We are at a historic time when the prospect of singularly enhanced certainty in identification procedures based on DNA testing augurs a seminal change in the criminal justice system. Understandably this has occasioned a vigorous debate in the scientific and legal communities, the ramifications of which impact paternity testing.

Shortly after the decision in United States v Jakobetz (supra), a panel under the auspices of the National Academy of Sciences and the National Research Council issued a report on DNA Technology in Forensic Science.

An April 14, 1992 article in the New York Times opined that the report made certain conclusions and recommendations restricting the use of DNA test results in court proceedings. It was followed by an April 15, 1992 article in which the *461chairman of the panel as well as several of its prominent members specifically controverted the article, and reaffirmed their conclusion that utilization of present DNA testing was recommended pending the promulgation of further standards.

All of this underscores the necessity for the promulgation of standards. This has led Governor Cuomo to propose legislation for the creation of a Forensic Science Review Panel in the Division of Criminal Justice Services that would develop minimum standards and regulations for accrediting laboratories to analyze DNA specimens.
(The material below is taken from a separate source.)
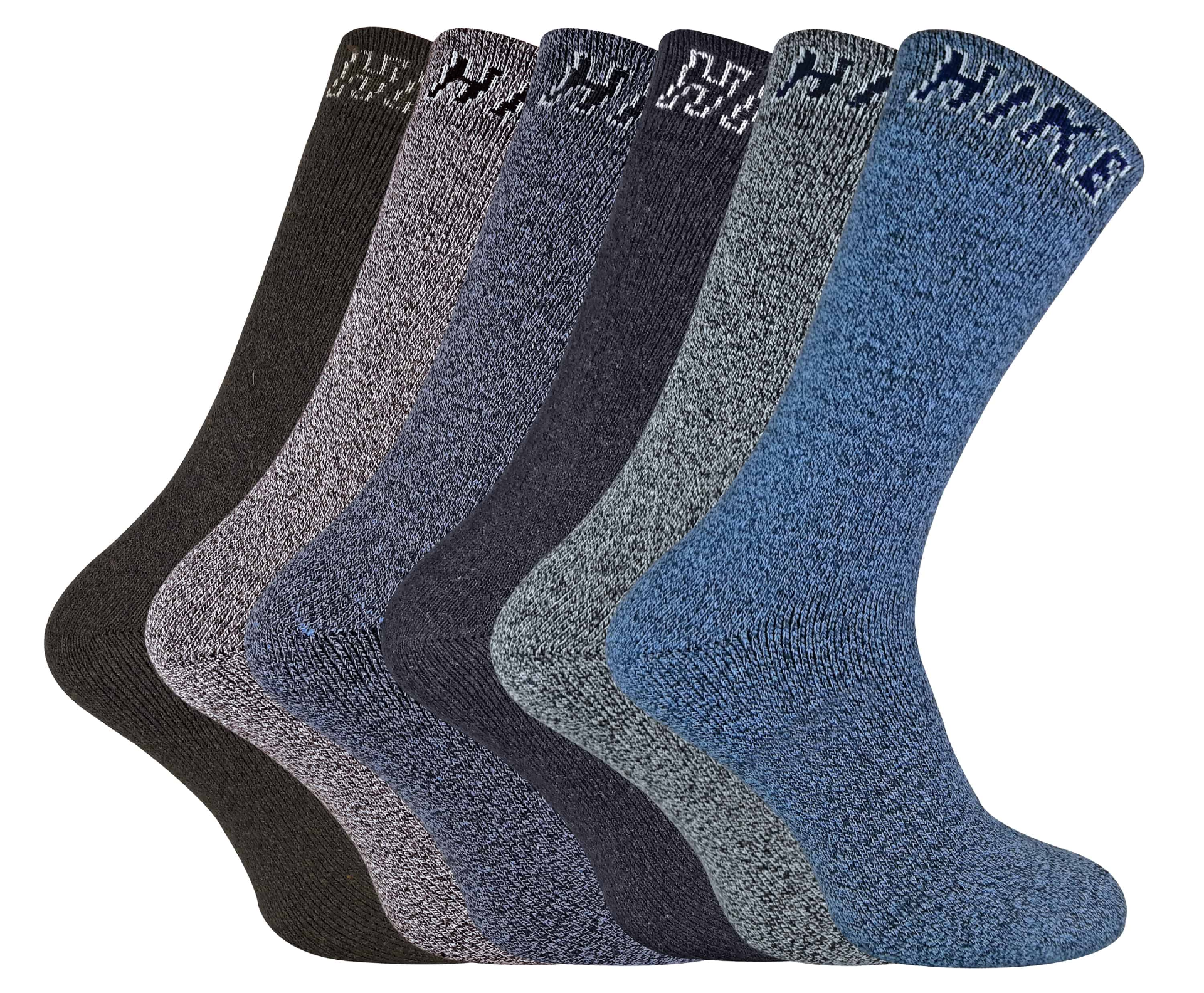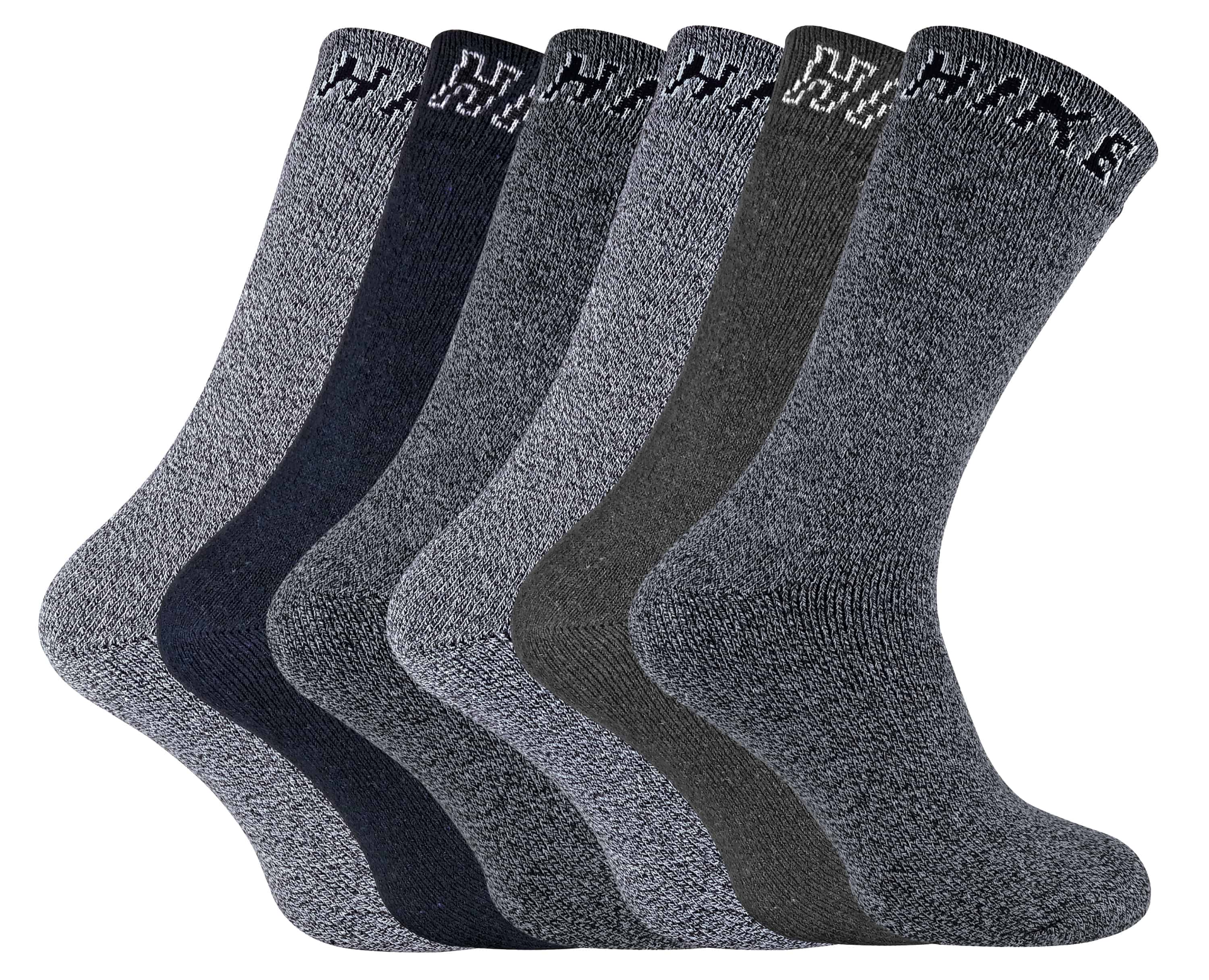These socks are available in 2 Variations including grey assortments and blue assortments. They are available in sizes 6-11 UK / 39-45 EU / 7-12 US and are made from 63% Cotton, 34% Polyester, 2% Nylon, 1% Elastane. They come in a Pack Size of 6 and are Machine Washable.

Respondent’s strongest argument for excluding the direction for DNA testing was predicated on a May 30, 1990 letter from Peter J. Millock, Esq., General Counsel of the New York State Department of Health (DOH) which stated that DOH had not approved any laboratory to perform DNA testing.

This letter formed the basis for the decision of Judge Abrams in Brielmeier v Moloney (NYLJ, Dec. 21, 1990, at 26, col 1 [Fam Ct, Suffolk County]) which countermanded a direction for DNA testing.

Since the events delineated above had occurred subsequent to Brielmeier v Moloney (supra), the court sua sponte contacted DOH to ascertain whether the May 30, 1990 position represented current policy.

I was informed that the policy was under review, and on June 30, 1992 I was provided with a copy of a June 29, 1992 communication from Mr. Millock indicating that DOH had initiated the development of laboratory review standards for DNA testing with the possibility of approving a limited number of laboratories prior to the end of 1992.

It went on to state: "Consequently, notwithstanding the cases cited in your letter, the Department of Health takes the position that the admission of DNA test results from a laboratory approved by the Department to perform 'paternity tests’ is inappropriate unless the Court conducts an independent examination of the techniques employed in the laboratory, the comparison population base utilized for statistical purposes and the educational and experiential background or the person performing the analysis.”

In light of these recent developments, respondent’s position is untenable and the court adheres to its original order.

Since the admissibility of the DNA test results must abide the completion of the court’s independent examination, the test results must necessarily be furnished to the court.

*462The court must take umbrage at the respondent’s counsel suggestion that the court would be unable to compartmentalize its function as trier of fact, from that of arbiter of the law with respect to being privy to the DNA test results. Such an exercise is inextricably intertwined with the court’s operation and occurs frequently in a variety of contexts.